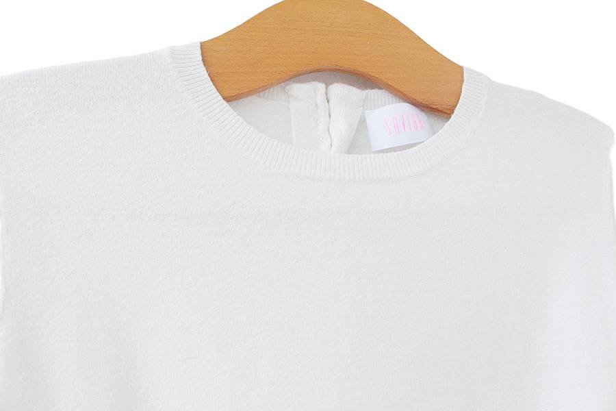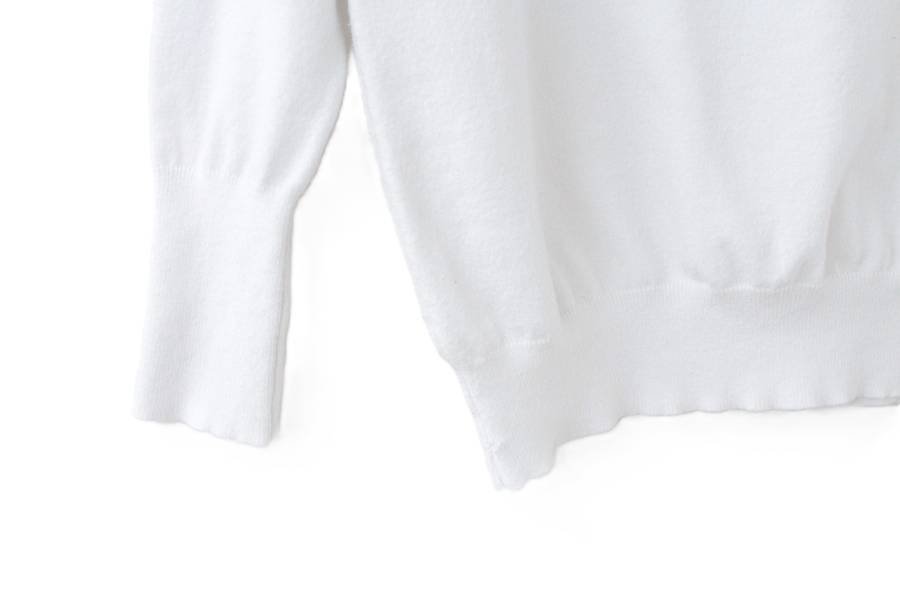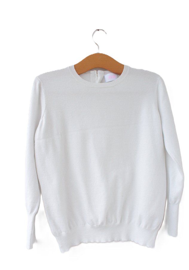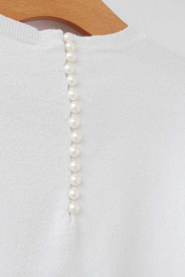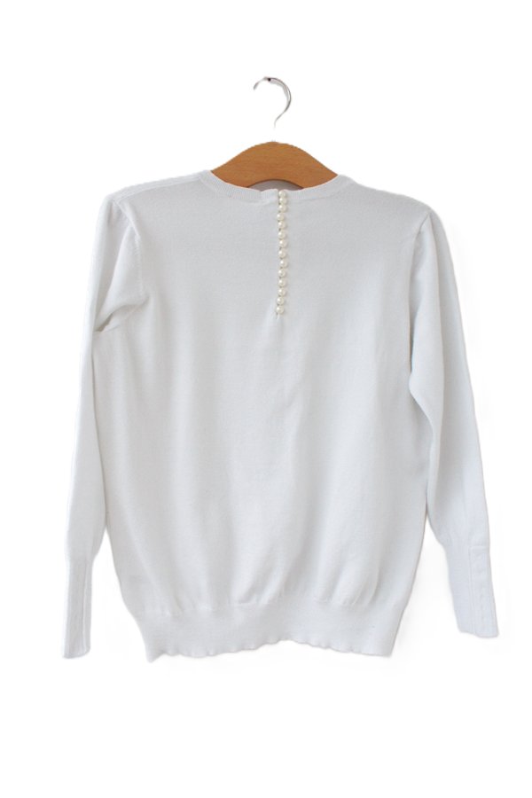 Nietuzinkowy sweterek vintage w kolorze białym. Prosty, klasyczny fason ciekawie urozmaica rząd perłowych guziczków z tyłu.
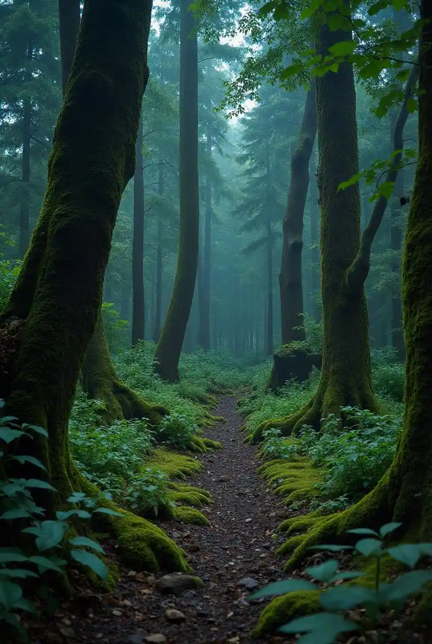Moosbedeckte Wälder mit alten Bäumen und von Glühwürmchen beleuchteten Böden.
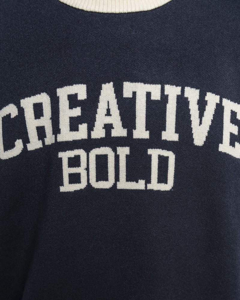 Regular Knitted Round Neck Varsity Vest With Asymmetrical Contrast Coloured Neckline and Hem. Comes with CREATIVE BOLD Slogan at the front. Made of cotton.

________

Requirement: Restate the data word for word without pictures.

Response box:
 Nietuzinkowy sweterek vintage w kolorze białym. Prosty, klasyczny fason ciekawie urozmaica rząd perłowych guziczków z tyłu.
Moosbedeckte Wälder mit alten Bäumen und von Glühwürmchen beleuchteten Böden.
 Regular Knitted Round Neck Varsity Vest With Asymmetrical Contrast Coloured Neckline and Hem. Comes with CREATIVE BOLD Slogan at the front. Made of cotton.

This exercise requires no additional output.